Além de comunicar logo à chefia, a também psicóloga explica que conhecer a cultura organizacional da instituição é fundamental, “pois, assim, ambos entenderão a essência e a identidade do ambiente de trabalho em que estão inseridos. A partir de então, conseguirão compreender os códigos de ética do órgão, que nem sempre são óbvios, pois, em sua maioria, não estão explícitos. As normas de conduta devem ser seguidas e cabe ao casal ter a noção dos comportamentos que podem ou não ter no ambiente corporativo”.
 
Com a devida comunicação à chefia e com o casal conhecendo os códigos de ética do órgão público, a instituição não pode impedir que duas pessoas se relacionem, já que não é considerado um motivo para demissão por justa causa, segundo Saramago. Logo, o servidor público está protegido juridicamente. 
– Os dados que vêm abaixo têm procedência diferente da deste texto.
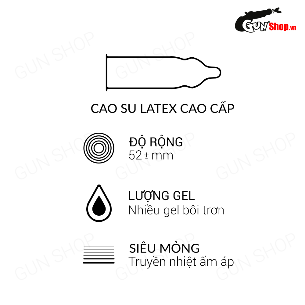 Gel bôi trơn: Được bổ sung với lượng lớn, giúp tăng sự mượt mà khi quan hệ.

“Mas se ainda assim o casal for demitido por esse motivo, o caso pode ser levado ao Ministério Público do Trabalho, sendo considerado invasão de intimidade. Porém, se o casal for visto tendo atitudes íntimas, aí sim eles podem ser demitidos por justa causa, sendo chamada de incontinência de conduta”, esclarece a coach. 

Ela reforça que por mais que a liderança e o órgão público aceitem o relacionamento, os envolvidos devem manter a discrição, a fim de não terem episódios constrangedores. 

“É importante se atentar na forma como evoca a pessoa, evitando apelidos íntimos, contato físico, muitas trocas de olhares e também discussão sobre a relação”, enumera.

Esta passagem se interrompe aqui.